Study material »
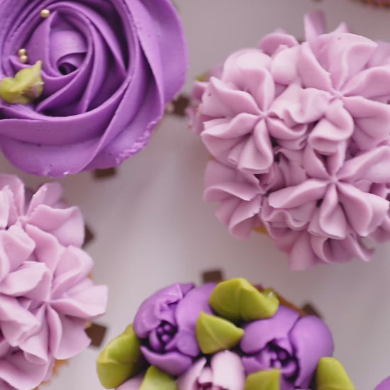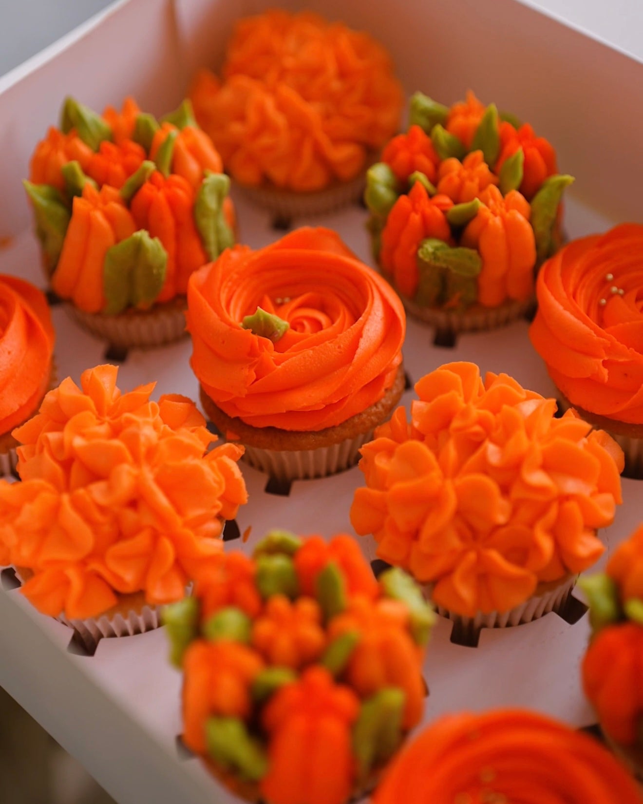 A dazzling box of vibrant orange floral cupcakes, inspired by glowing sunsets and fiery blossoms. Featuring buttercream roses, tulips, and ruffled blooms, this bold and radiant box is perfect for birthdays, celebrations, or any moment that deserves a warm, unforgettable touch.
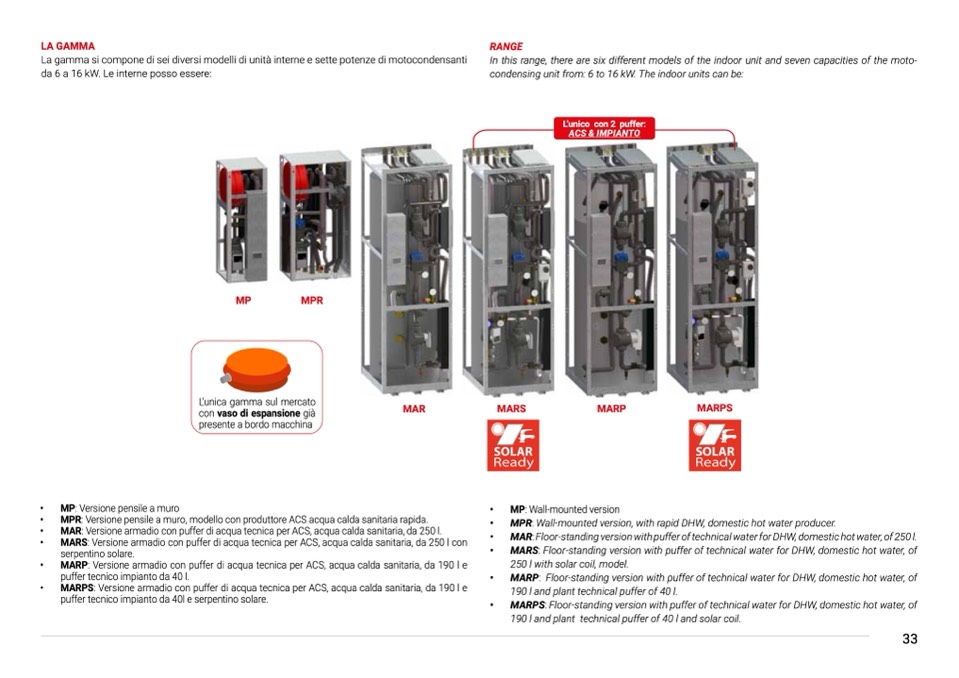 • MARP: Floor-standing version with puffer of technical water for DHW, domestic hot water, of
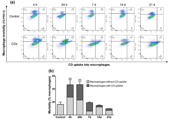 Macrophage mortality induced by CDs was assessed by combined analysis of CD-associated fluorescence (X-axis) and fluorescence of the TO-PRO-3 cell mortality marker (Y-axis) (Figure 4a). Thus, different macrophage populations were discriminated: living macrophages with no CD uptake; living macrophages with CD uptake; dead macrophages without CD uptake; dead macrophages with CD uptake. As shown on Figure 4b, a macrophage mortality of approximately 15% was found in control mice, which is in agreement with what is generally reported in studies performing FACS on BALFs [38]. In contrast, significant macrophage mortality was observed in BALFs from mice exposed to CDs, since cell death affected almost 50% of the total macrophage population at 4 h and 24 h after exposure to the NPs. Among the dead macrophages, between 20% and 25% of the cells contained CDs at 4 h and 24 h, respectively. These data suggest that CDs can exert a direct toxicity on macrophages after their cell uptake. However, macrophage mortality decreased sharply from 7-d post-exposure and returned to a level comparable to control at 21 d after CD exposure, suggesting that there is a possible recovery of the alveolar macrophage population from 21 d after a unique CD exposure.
--
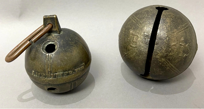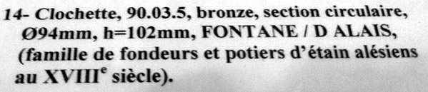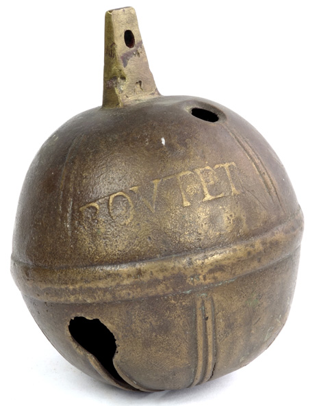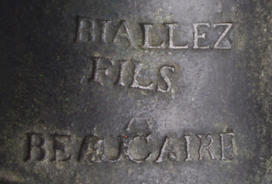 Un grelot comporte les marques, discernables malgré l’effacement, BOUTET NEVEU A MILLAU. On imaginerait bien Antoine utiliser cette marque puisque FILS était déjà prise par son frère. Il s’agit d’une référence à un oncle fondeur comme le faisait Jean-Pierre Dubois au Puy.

What to work on » Above, find the line holding "A dazzling box" and the line holding "hot water, of". Print exactly those two lines and every line between them, but no pictures.

Your response »
 A dazzling box of vibrant orange floral cupcakes, inspired by glowing sunsets and fiery blossoms. Featuring buttercream roses, tulips, and ruffled blooms, this bold and radiant box is perfect for birthdays, celebrations, or any moment that deserves a warm, unforgettable touch.
 • MARP: Floor-standing version with puffer of technical water for DHW, domestic hot water, of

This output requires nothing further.